Recorded data
————————
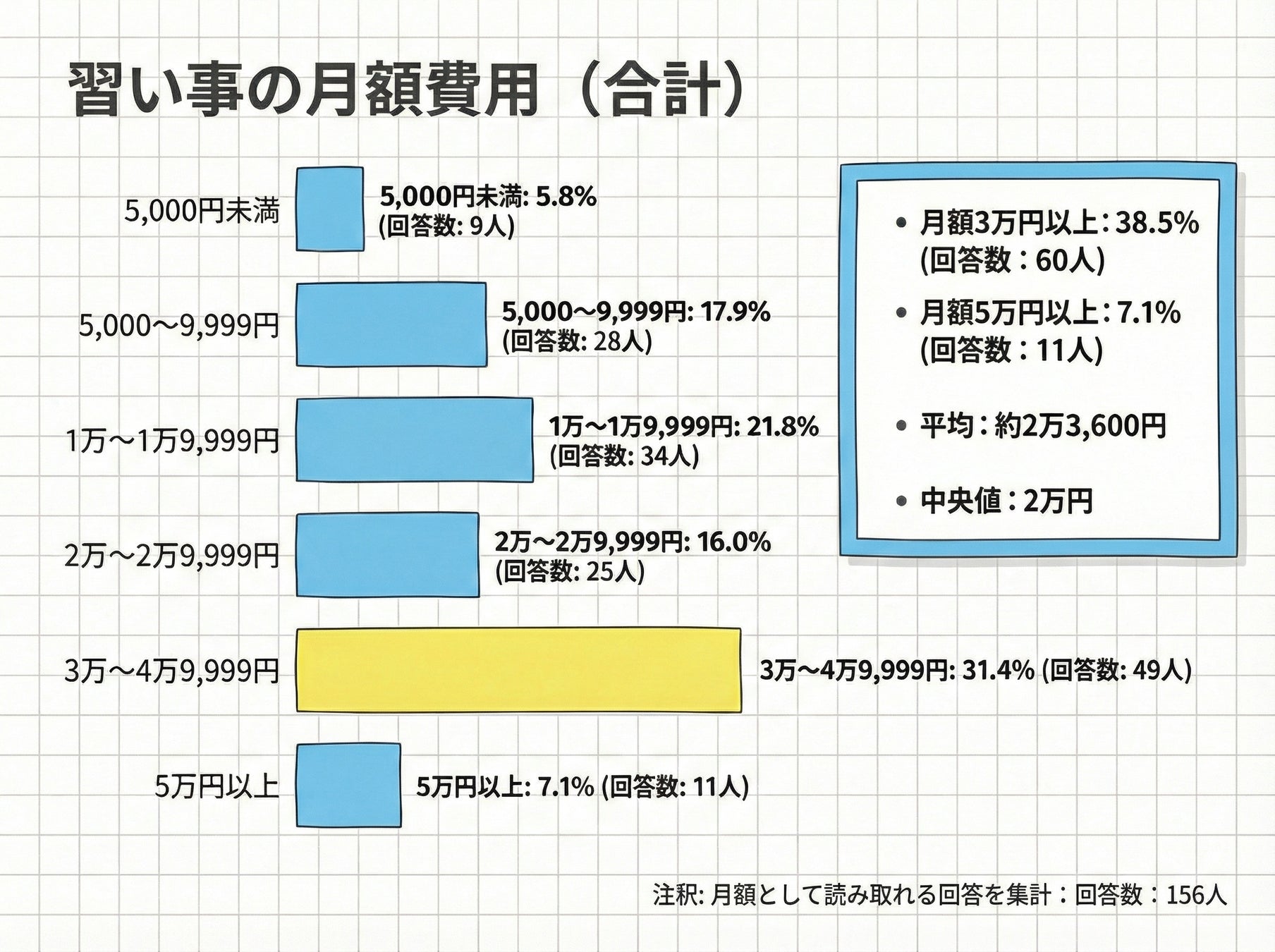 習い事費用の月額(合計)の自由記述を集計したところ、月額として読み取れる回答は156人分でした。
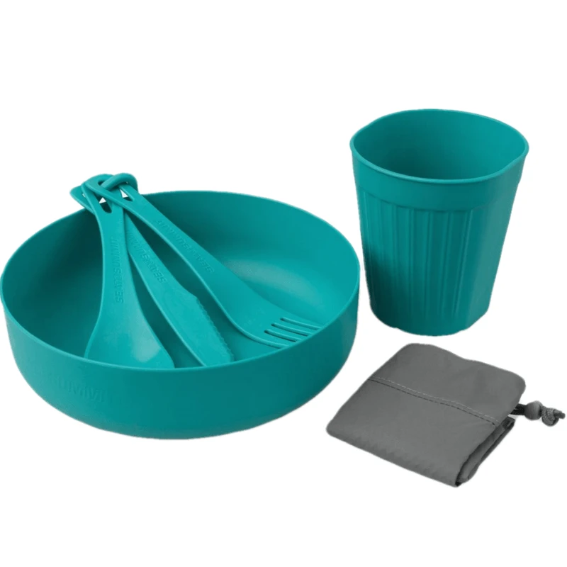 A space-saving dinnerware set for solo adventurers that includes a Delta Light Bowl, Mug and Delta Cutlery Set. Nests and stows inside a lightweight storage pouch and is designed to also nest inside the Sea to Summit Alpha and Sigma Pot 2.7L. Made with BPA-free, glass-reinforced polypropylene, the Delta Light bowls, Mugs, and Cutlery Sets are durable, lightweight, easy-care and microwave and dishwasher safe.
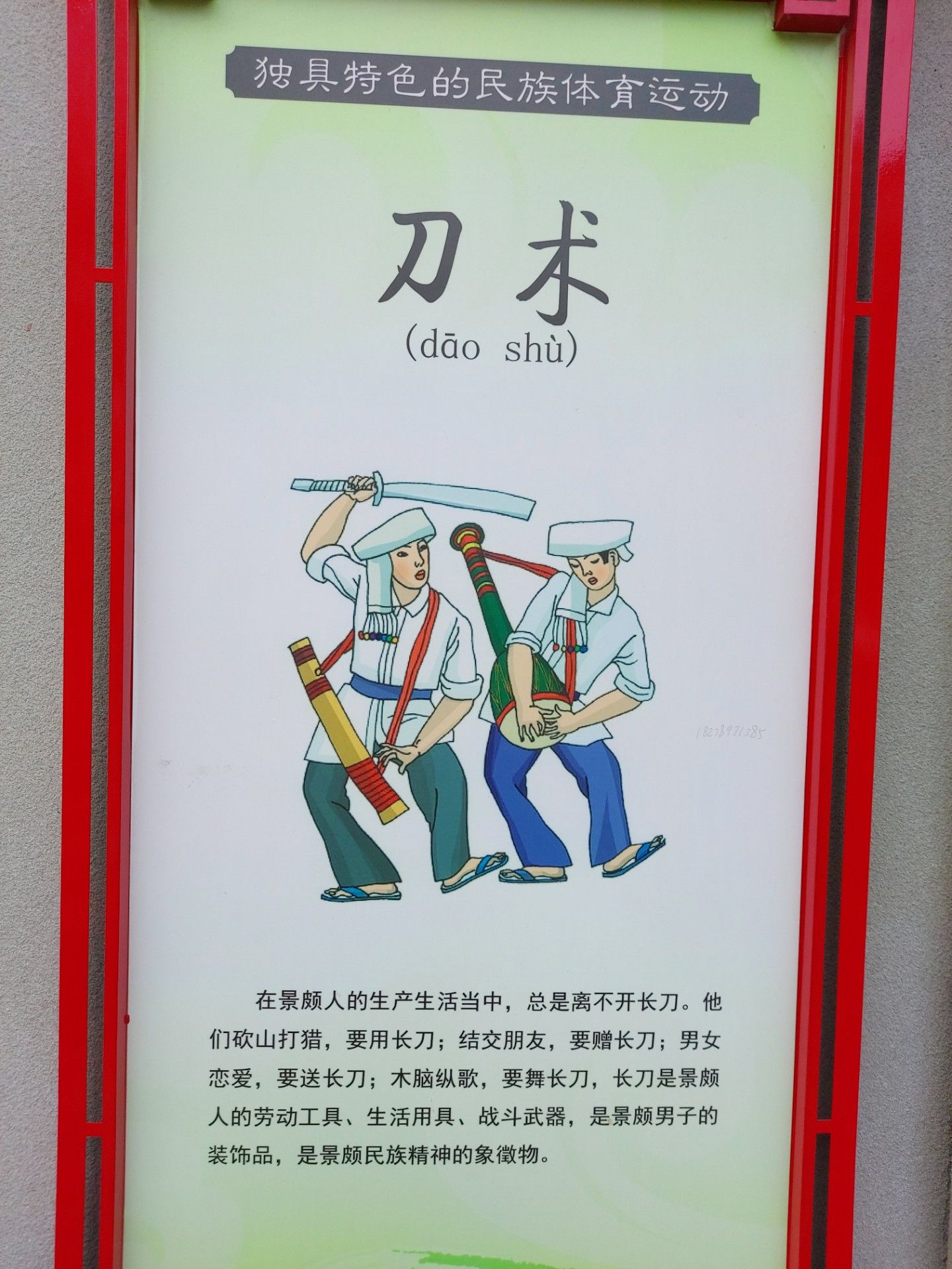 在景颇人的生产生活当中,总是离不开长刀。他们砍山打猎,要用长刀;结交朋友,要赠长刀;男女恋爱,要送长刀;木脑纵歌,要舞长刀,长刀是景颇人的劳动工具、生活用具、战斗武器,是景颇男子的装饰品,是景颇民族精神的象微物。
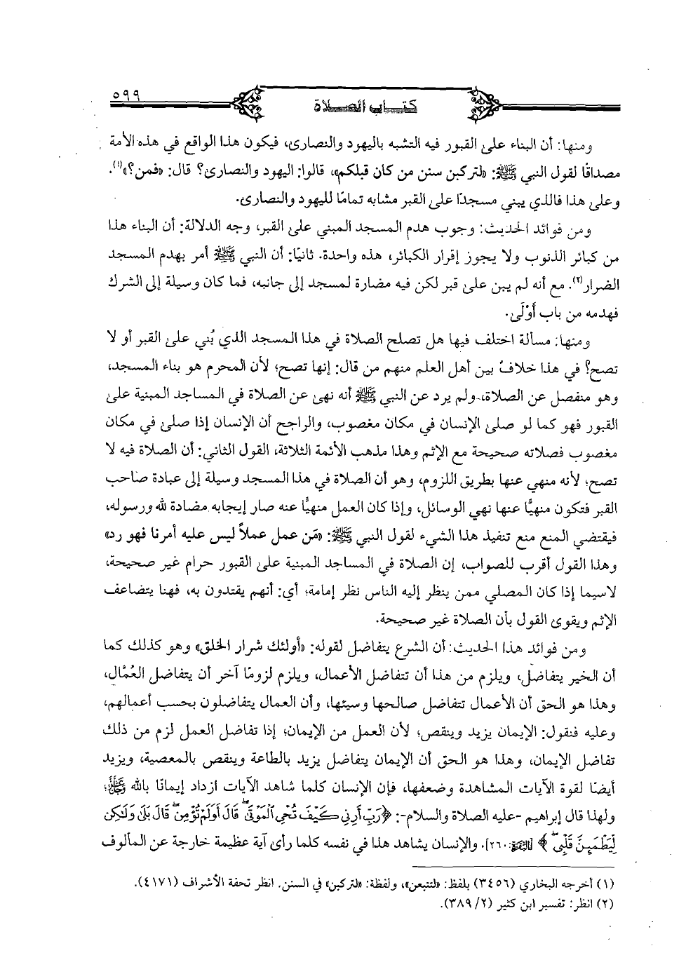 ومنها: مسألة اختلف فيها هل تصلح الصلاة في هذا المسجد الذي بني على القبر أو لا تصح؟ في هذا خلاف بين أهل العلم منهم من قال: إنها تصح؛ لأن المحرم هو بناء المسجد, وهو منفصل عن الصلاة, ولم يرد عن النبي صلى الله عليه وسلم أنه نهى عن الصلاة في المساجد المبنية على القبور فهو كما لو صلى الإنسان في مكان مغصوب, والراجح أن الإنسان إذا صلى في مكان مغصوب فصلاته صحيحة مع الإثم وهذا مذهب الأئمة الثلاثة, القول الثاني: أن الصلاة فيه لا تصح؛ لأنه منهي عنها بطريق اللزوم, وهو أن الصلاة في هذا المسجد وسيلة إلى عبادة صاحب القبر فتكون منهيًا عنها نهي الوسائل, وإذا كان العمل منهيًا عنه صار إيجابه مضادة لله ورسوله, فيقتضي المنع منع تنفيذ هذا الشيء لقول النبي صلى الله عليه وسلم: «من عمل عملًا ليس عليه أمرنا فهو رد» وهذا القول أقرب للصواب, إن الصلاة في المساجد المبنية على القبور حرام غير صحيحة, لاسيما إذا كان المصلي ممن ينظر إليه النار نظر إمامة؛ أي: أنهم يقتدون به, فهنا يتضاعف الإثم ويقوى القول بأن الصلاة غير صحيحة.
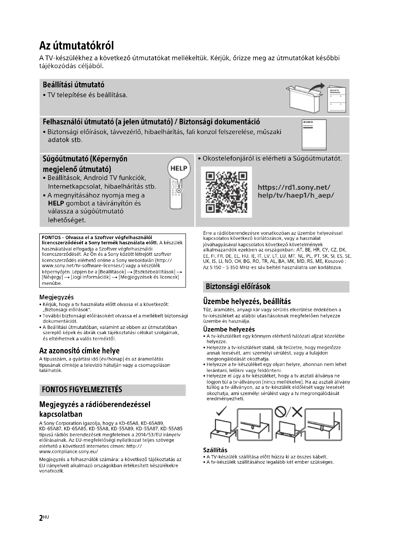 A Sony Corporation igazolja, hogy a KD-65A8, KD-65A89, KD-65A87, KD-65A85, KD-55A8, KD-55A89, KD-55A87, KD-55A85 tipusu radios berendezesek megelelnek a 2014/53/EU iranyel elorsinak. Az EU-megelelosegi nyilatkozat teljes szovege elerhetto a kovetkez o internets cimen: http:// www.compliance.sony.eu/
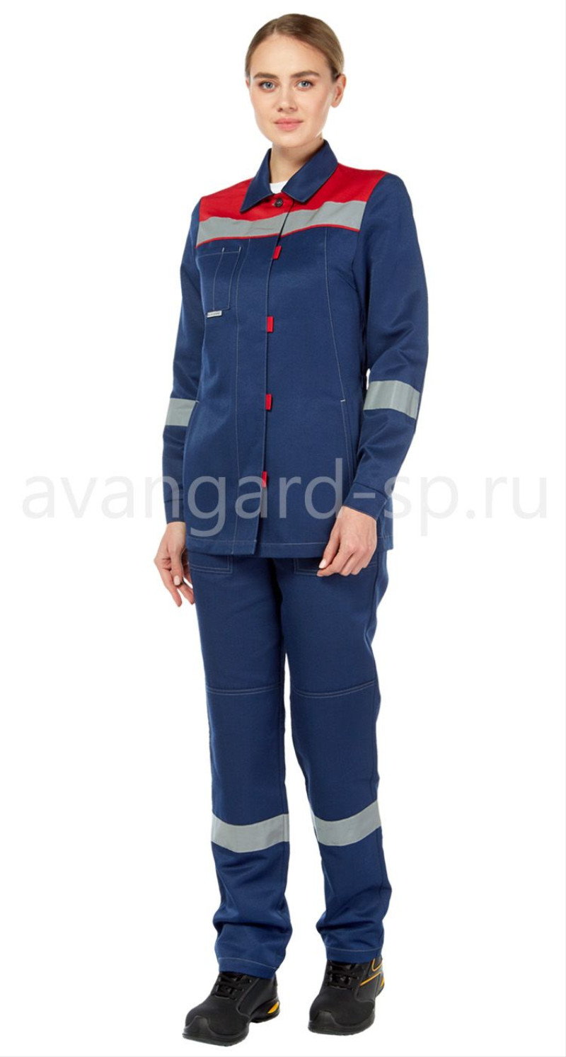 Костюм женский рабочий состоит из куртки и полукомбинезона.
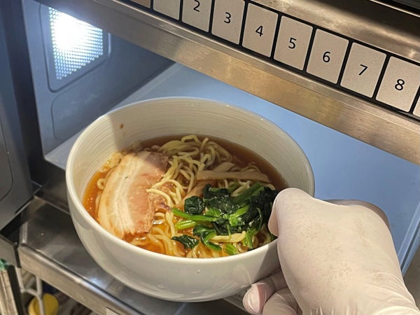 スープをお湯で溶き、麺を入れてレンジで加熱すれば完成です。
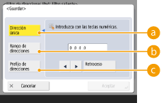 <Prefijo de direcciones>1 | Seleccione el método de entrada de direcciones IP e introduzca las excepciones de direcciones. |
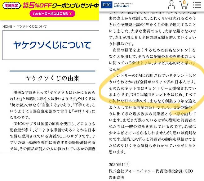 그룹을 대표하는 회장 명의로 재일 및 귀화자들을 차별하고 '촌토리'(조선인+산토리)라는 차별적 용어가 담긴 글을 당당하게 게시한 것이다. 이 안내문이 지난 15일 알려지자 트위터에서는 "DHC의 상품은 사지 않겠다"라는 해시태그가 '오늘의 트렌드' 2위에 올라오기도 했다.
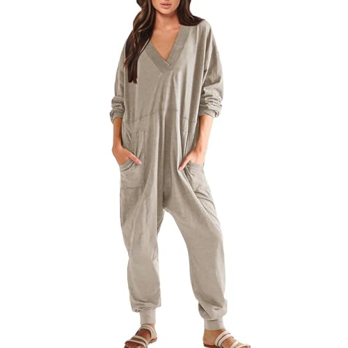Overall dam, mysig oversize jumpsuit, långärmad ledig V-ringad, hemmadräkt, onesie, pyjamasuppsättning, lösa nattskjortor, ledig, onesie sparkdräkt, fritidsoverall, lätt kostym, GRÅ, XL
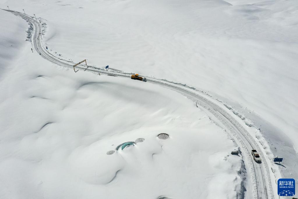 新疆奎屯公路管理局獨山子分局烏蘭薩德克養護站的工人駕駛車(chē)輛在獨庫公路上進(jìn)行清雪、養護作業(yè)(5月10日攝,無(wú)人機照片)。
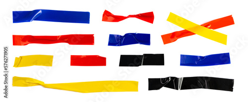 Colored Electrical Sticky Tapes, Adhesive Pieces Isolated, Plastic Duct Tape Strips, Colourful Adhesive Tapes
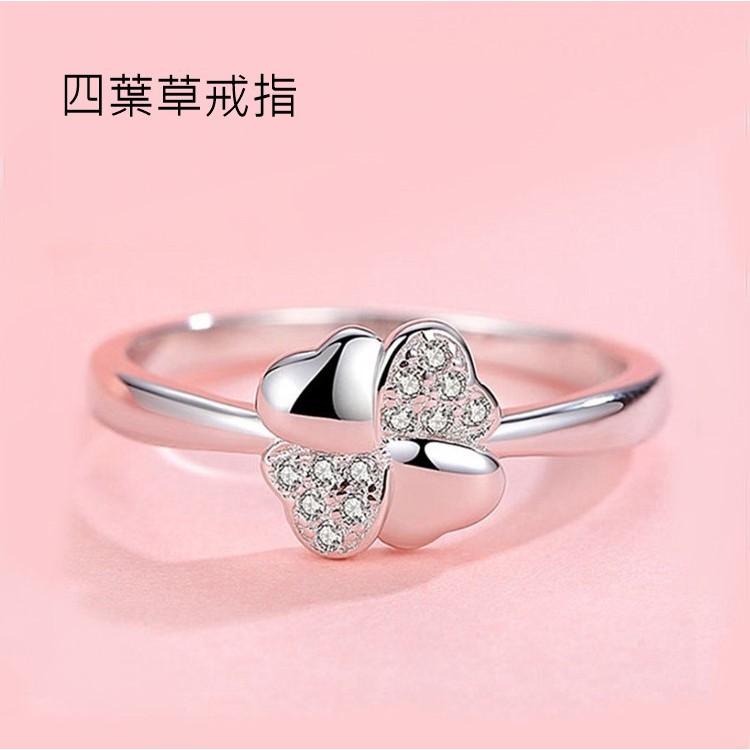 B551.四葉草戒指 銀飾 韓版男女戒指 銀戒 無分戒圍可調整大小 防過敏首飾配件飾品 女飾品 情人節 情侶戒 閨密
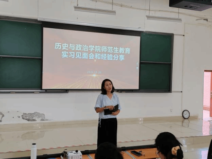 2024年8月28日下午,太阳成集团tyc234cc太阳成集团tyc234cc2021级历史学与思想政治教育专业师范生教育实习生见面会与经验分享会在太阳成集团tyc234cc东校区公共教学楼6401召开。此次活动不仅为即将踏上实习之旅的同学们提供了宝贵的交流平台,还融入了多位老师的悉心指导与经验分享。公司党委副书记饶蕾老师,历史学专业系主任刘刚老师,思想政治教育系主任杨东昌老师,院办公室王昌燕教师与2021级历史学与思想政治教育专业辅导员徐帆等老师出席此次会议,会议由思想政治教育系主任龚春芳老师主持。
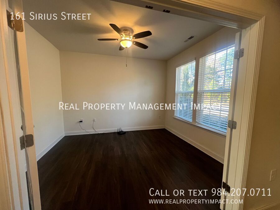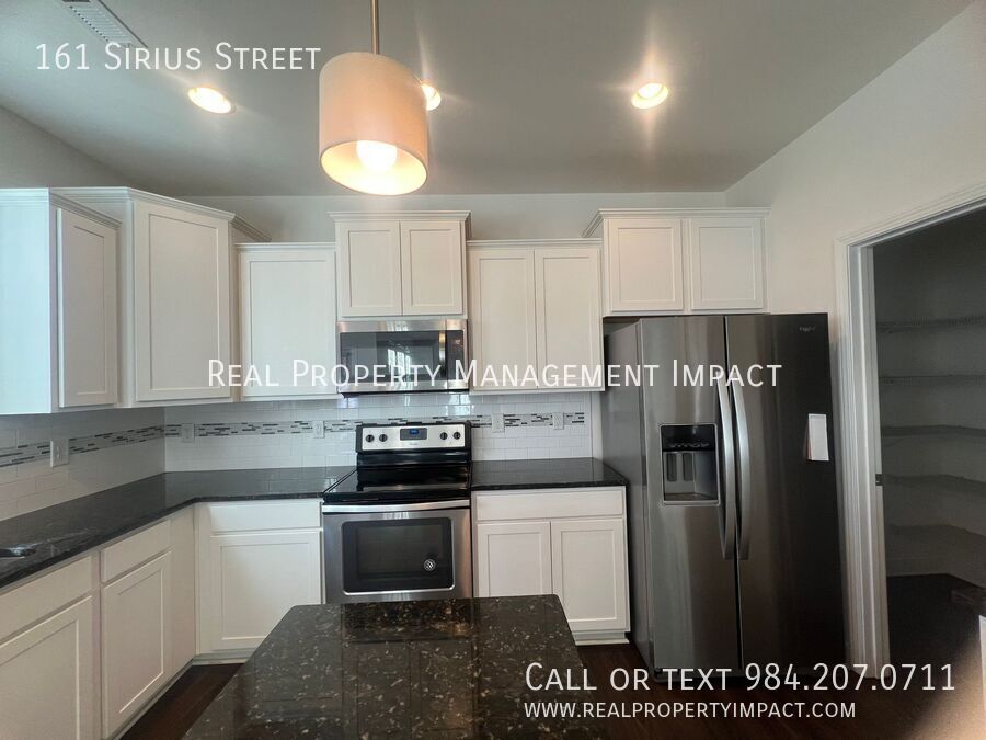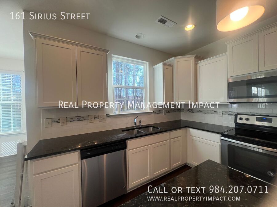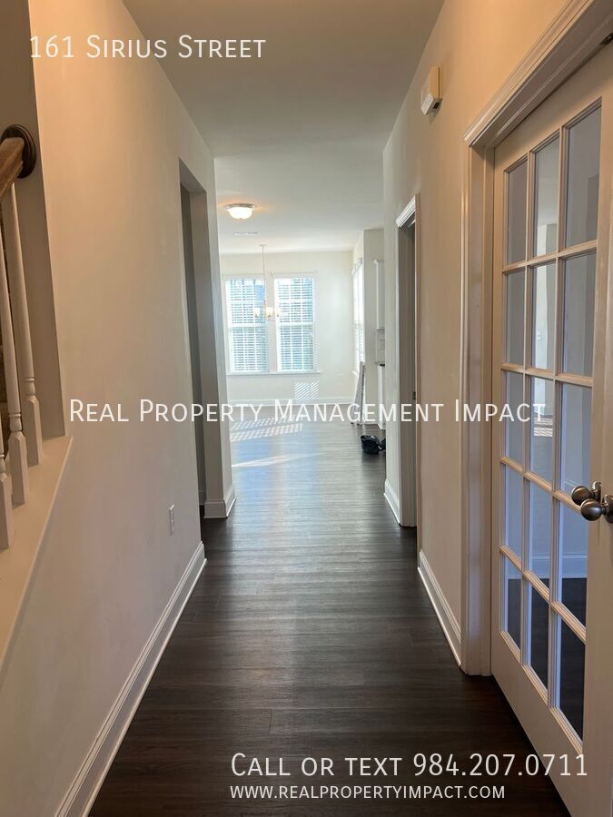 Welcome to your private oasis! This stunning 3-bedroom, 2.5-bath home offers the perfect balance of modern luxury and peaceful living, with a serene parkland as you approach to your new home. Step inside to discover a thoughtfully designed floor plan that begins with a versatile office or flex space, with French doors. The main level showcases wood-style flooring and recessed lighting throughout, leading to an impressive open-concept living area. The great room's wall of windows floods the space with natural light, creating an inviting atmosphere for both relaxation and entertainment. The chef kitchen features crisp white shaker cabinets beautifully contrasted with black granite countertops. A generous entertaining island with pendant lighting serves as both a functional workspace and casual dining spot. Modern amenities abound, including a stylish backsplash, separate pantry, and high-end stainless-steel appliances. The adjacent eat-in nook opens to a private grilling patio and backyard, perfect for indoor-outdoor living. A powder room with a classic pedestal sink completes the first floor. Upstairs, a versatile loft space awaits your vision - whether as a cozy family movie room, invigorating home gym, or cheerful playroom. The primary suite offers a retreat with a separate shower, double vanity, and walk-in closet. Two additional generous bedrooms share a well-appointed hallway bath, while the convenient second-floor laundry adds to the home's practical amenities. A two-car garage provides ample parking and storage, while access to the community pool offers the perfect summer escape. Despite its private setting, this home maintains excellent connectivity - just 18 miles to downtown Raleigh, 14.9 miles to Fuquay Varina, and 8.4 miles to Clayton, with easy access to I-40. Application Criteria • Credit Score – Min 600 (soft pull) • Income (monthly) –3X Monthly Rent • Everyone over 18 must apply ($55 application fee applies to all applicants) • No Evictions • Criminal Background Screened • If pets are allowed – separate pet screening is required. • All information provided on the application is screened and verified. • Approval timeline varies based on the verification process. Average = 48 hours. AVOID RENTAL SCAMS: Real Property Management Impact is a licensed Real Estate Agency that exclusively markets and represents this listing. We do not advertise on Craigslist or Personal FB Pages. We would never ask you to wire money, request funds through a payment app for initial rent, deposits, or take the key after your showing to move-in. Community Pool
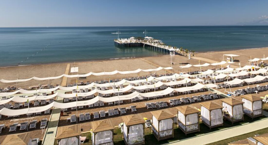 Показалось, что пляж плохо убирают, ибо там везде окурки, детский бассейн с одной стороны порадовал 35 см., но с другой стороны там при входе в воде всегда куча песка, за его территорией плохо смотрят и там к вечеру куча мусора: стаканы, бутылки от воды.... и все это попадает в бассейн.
————————
Above are some entries; copy exactly the lines from the line with "A space-saving dinnerware" through the line with "在景颇人的生产生活当中,总是", both included, but none of the pictures.

Result of this task:
 A space-saving dinnerware set for solo adventurers that includes a Delta Light Bowl, Mug and Delta Cutlery Set. Nests and stows inside a lightweight storage pouch and is designed to also nest inside the Sea to Summit Alpha and Sigma Pot 2.7L. Made with BPA-free, glass-reinforced polypropylene, the Delta Light bowls, Mugs, and Cutlery Sets are durable, lightweight, easy-care and microwave and dishwasher safe.
 在景颇人的生产生活当中,总是离不开长刀。他们砍山打猎,要用长刀;结交朋友,要赠长刀;男女恋爱,要送长刀;木脑纵歌,要舞长刀,长刀是景颇人的劳动工具、生活用具、战斗武器,是景颇男子的装饰品,是景颇民族精神的象微物。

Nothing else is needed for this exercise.